Like the title says, how does a person tell when both parties are "truly" committed to R? Is it like the cheating suspicions that your gut instinct drives the feeling of whether or not it is true and not false reconciliation? I know that I am all in most of the time (I am being truthful as we all have our off or down days that we really wonder if it is worth it to try and are not on our A game), but I don't seem to see the same in her. I feel that she has checked out years ago. 

She was the WS and had A's (EA and PA) but says she is doing all that I ask and need and that I either don't see or or don't want to see it. SHe might be right as she has cut me to the bone.

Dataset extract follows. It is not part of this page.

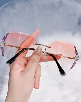 1Pair Rimless Irregular Frame Rhinestone Sunglasses, Style5

I have been reading the books, watching the movies, working on myself, going to counseling (we have had to stop due to finances and availability of counselors), and being more involved with the family (this is a big thing for me as I wasn't raised in a household that showed emotion), yet I don't see much of anything by her. When she points things out, I tell her that I do see things she has done, but I need x, y, and z and she is not doing those things (so I do convey what I need and want to her). She has yet to do any of them and this makes me hurt and sad, as I see it as her not trying or being committed. The worst part is that over the period we have been trying to R, I have become cold, hardened, and detached to the situation. 

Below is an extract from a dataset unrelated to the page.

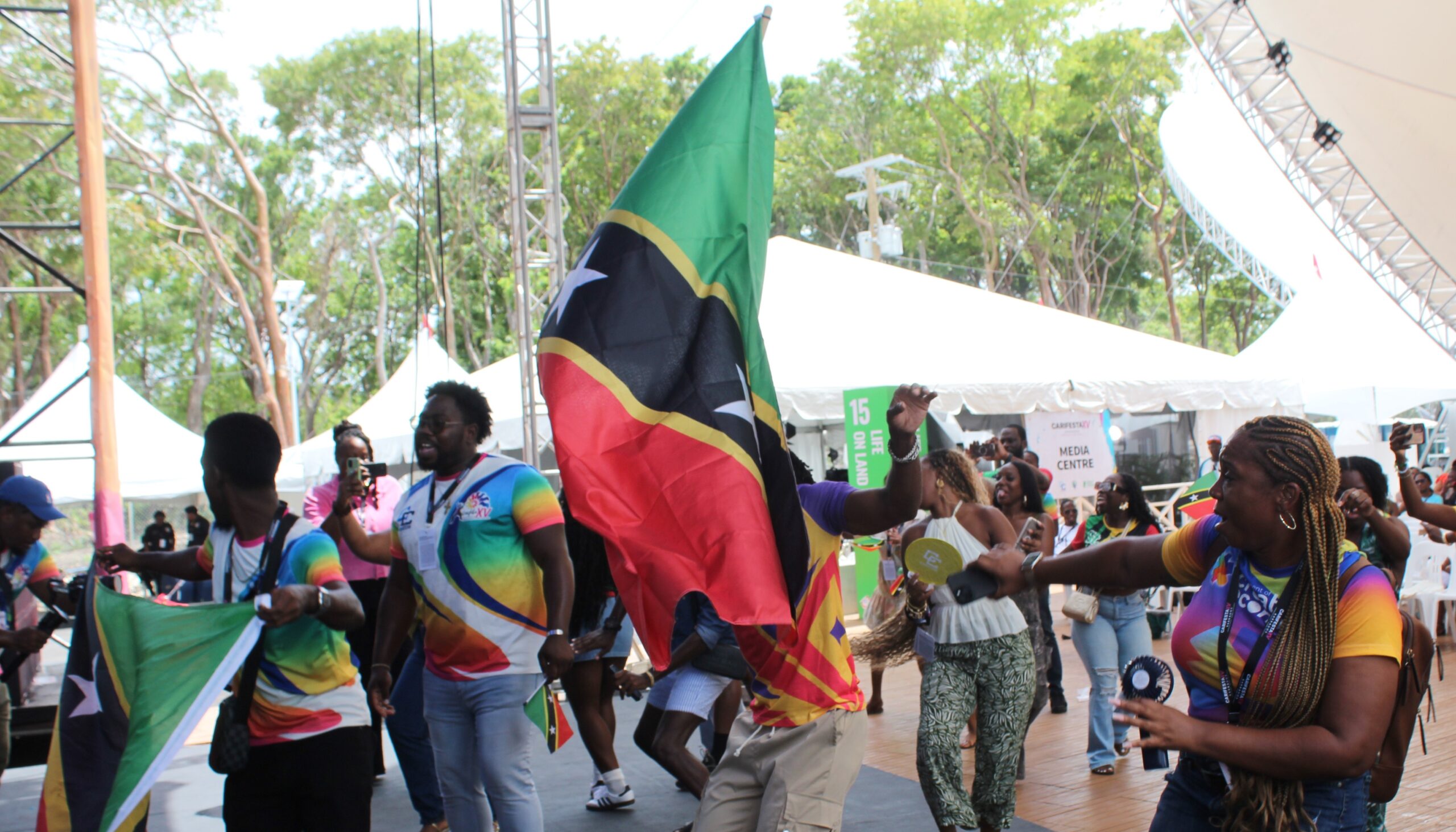 CarifestaLocal News St Kitts and Nevis brings music and joy to CARIFESTA XV by Barbados Today 30/08/2025 written by Barbados Today 30/08/2025 1 min read A+A- Reset Members of the St Kitts and Nevis delegation. Share FacebookTwitterLinkedinWhatsappEmail 259 by Tracy Moore St Kitts and Nevis made its mark at CARIFESTA XV with a vibrant music showcase that had the delegation and some audience members waving flags high and soaking in the rhythms. It was the delegationโs first time in Barbados and their first performance at CARIFESTA XV, making the moment all the more special. Some of the performers. Their lineup of acts delivered crowd-pleasing tunes, filling the stage with rhythm, pride, and unmistakable energy. Adding to the excitement, members of the delegation took to the dance floor, showing off their local dance moves with style and confidence. Flags waved, smiles beamed, and the groupโs enjoyment was contagious, turning the showcase into a lively celebration of their culture. The St Kitts and Nevis delegationโs debut was more than just a performance โ it was a statement of presence. With their blend of music, movement, and national pride, they brought the heat to CARIFESTA XV, proving that the festival truly thrives on the diversity and spirit of the entire Caribbean family. You Might Be Interested In โRocky startโ but CARIFESTA XV gaining ground, says culture minister Rocky Dawuni: A homecoming of rhythm, spirit and unity Pan in Paradise: Barbados orchestras dazzle CARIFESTA XV Barbados Today Stay informed and engaged with our digital news platform. The leading online multimedia news resource in Barbados for news you can trust. You may also like CCJ reserves judgment in case of Husbands 18/03/2026 Browne backs budget but urges tougher action on major issues 18/03/2026 PM make case for energy security as resilience to global shocks 18/03/2026

Do we still have a chance or is it truly not worth the effort and over? (I have tried the R route as we have been together over 18 years, 15 married), have 2 kids, and I do love her, although I think her love for me has died a long time ago and isn't coming back.)


----------



## SomedayDig (Jul 17, 2012)

*Re: How does someone tell when both parties are "truly" in for the Reconciliation?*

You've been together for over 18 years, Squeakr. You know the truth. There are times, as sad as they are, when we must let go.


----------



## Squeakr (May 1, 2013)

*Re: How does someone tell when both parties are "truly" in for the Reconciliation?*



SomedayDig said:


> You've been together for over 18 years, Squeakr. You know the truth. There are times, as sad as they are, when we must let go.

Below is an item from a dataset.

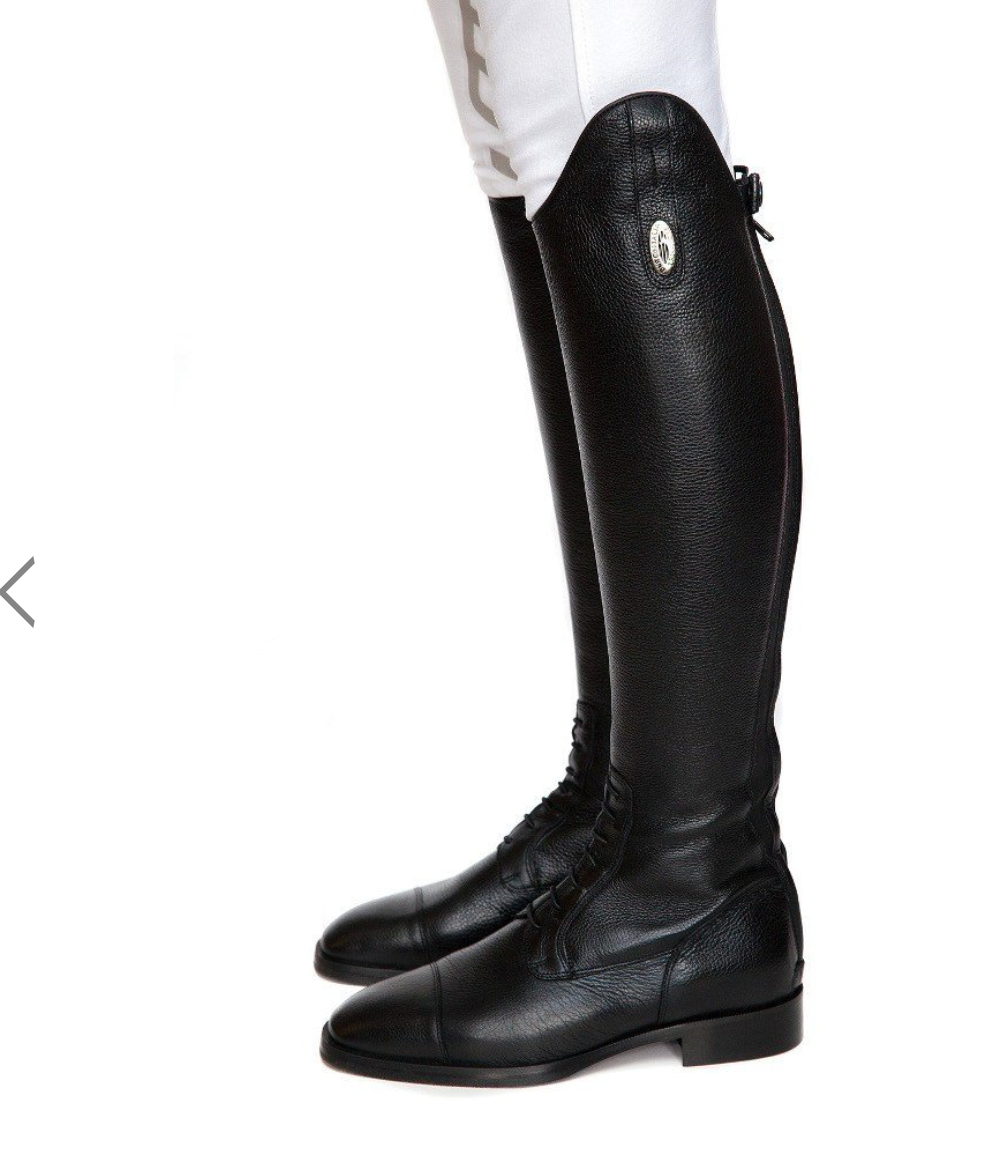 Pebble leather new design. The basic Amabile boot has been upgraded with a new inlaid patch lower zip guard including the rear spur guard. This will last longer with the inner patch, break-in is minimal as the boot comes in soft pebble leather or smooth leather for showing. A 4-week delivery estimate; we have this boot available at the store in smooth leather. Dress boot takes 8 weeks

Thanks Dig. I think you are right in your assessment (and agree with it), except after what she has done, and as I find out more, I don't know that I have ever really known her, 18 years together or not. From what I can tell she has been playing me in some sort of way the entire marriage, although she says otherwise. Even when she was "in" to me, I am finding out that I don't think she really was and was just playing the part, which makes me think the worst at all times now.

Guess I just need to cut the rope and file.


----------



## SomedayDig (Jul 17, 2012)

*Re: How does someone tell when both parties are "truly" in for the Reconciliation?*

Buddy...that's the scary part that I didn't want to write. How well did you _really_ know her during those years. I understand. My first wife and I were together over a decade. She cheated. I tried to reconcile - see that? *I* tried. I never really knew her until I pulled the veil back and let myself really see her. There is such a huge f'ng difference between how she reacted to reconciliation versus my wife now. Total opposites. Hence, my experience with the first fully prepared me, unfortunately, for the second.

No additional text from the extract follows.